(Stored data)
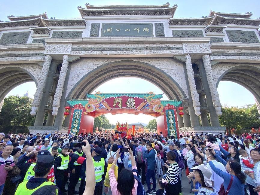 “蛟龙”竞渡,百龙巡游。11月26日,“行运一条龙”祈福巡游活动在苏岗龙母庙隆重举行,近1200人的巡游队伍,集结龙母仪仗、五龙太子、岸上龙舟、人龙舞、八音锣鼓柜、龙舟说唱等10余个方阵,环绕顺峰山,吸引数万名市民游客近距离围观参与,共同“行龙运,接龙福”,沉浸式体验“一条龙”的民俗文化。
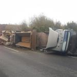 İş makinesi taşıyan TIR devrildi...
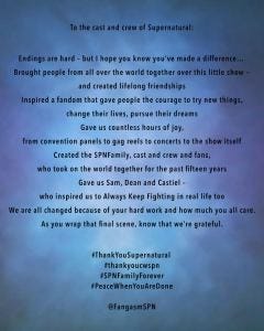 Today is the last day of filming for Supernatural, after fifteen seasons on the air. It took me a season to truly fall in love with the show, but once I did, I fell head over heels – and in fourteen years, I haven’t looked back. Others’ stories are different, but where we’ve ended up is the same. All over the world today, people whose lives have been touched by Supernatural are feeling the loss of something that is so much more than a television show. There’s a collective grieving, a sense of shared overwhelming emotion, that I’m grateful for – one of the most powerful things about fandom is its validation, and I feel that today. There are plenty of people in my everyday life who don’t really understand what a big loss this is, but there are plenty of people in the SPNFamily who do.
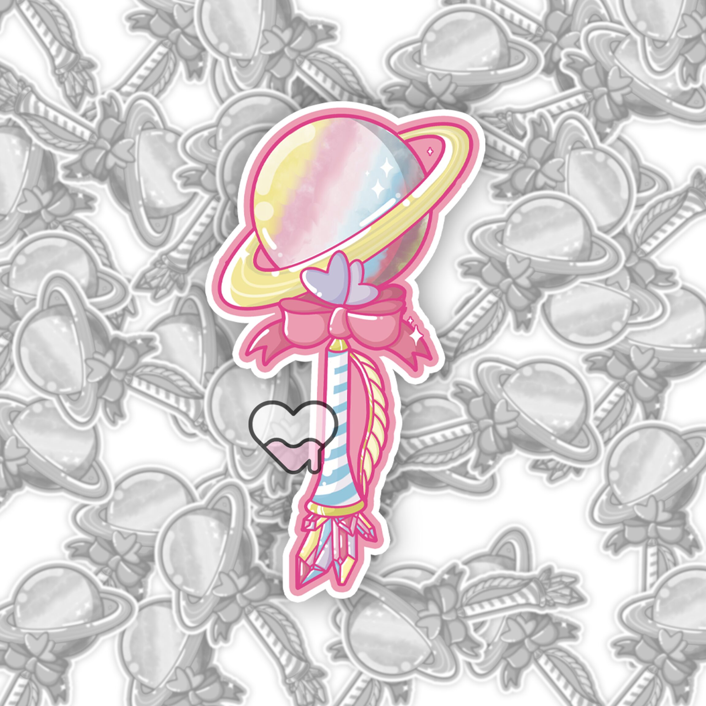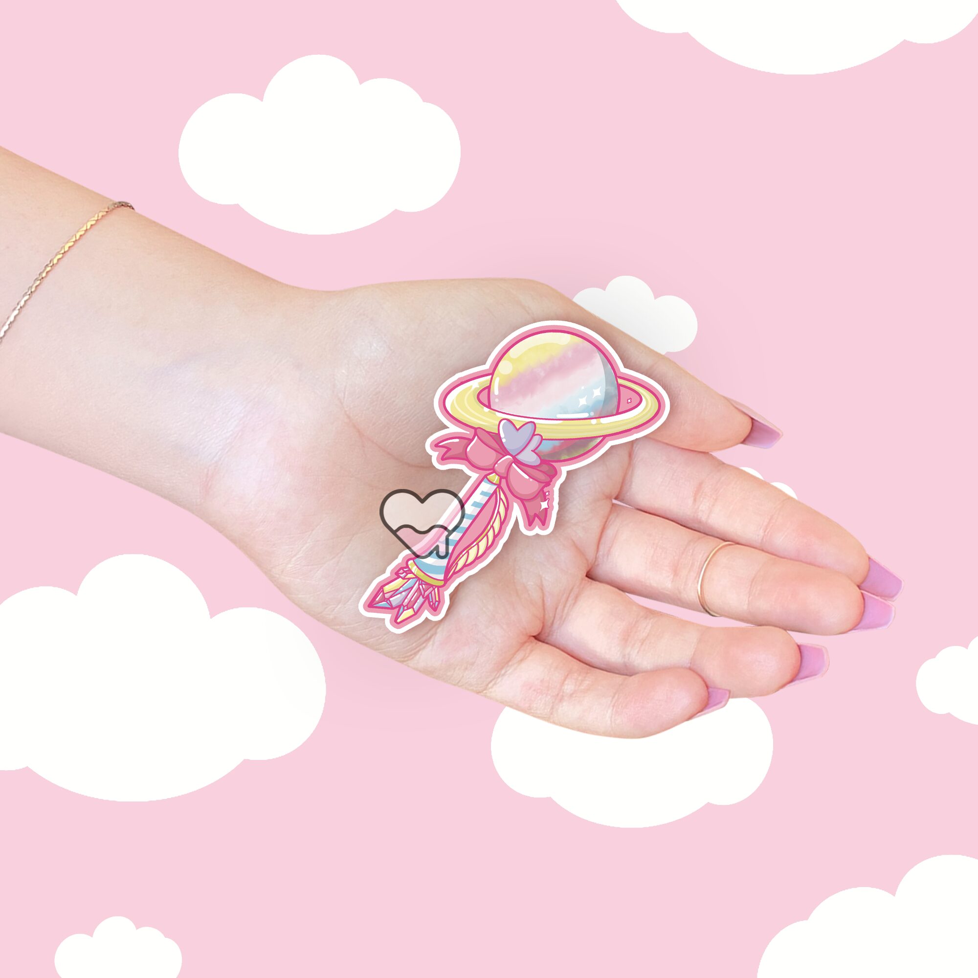 The Saturn Wand Sticker is a dreamy little piece of magic, perfect for anyone who loves the enchanting mix of pastel tones, celestial vibes, and just the right touch of whimsy. This design features a delicate pink wand crowned with the planet Saturn, its rings gracefully circling the top like a cosmic halo. It’s the kind of design that feels straight out of a magical girl universe, where every accessory carries stardust and every detail sparkles with possibility. ✨
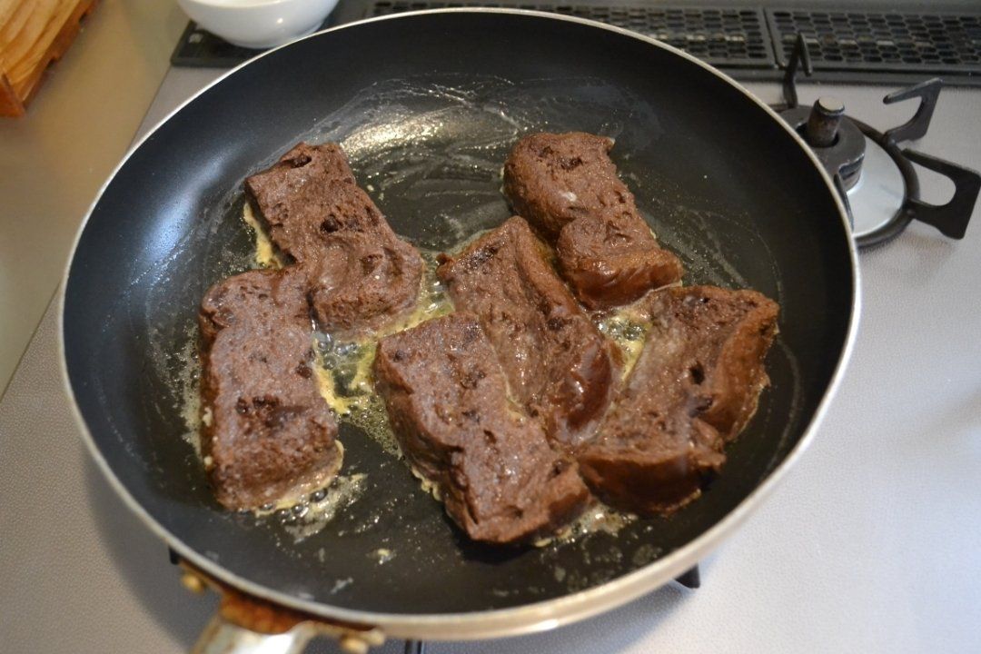 ちょうどチョコのパンがあったので、フレンチトーストにしたら美味しいかな~?っと思い作ってみました。

Task objective
Pictures should not appear in the copy. Write out exactly the lines above from the first one through the line that contains "Today is the".

Answer to the problem
 “蛟龙”竞渡,百龙巡游。11月26日,“行运一条龙”祈福巡游活动在苏岗龙母庙隆重举行,近1200人的巡游队伍,集结龙母仪仗、五龙太子、岸上龙舟、人龙舞、八音锣鼓柜、龙舟说唱等10余个方阵,环绕顺峰山,吸引数万名市民游客近距离围观参与,共同“行龙运,接龙福”,沉浸式体验“一条龙”的民俗文化。
 İş makinesi taşıyan TIR devrildi...
 Today is the last day of filming for Supernatural, after fifteen seasons on the air. It took me a season to truly fall in love with the show, but once I did, I fell head over heels – and in fourteen years, I haven’t looked back. Others’ stories are different, but where we’ve ended up is the same. All over the world today, people whose lives have been touched by Supernatural are feeling the loss of something that is so much more than a television show. There’s a collective grieving, a sense of shared overwhelming emotion, that I’m grateful for – one of the most powerful things about fandom is its validation, and I feel that today. There are plenty of people in my everyday life who don’t really understand what a big loss this is, but there are plenty of people in the SPNFamily who do.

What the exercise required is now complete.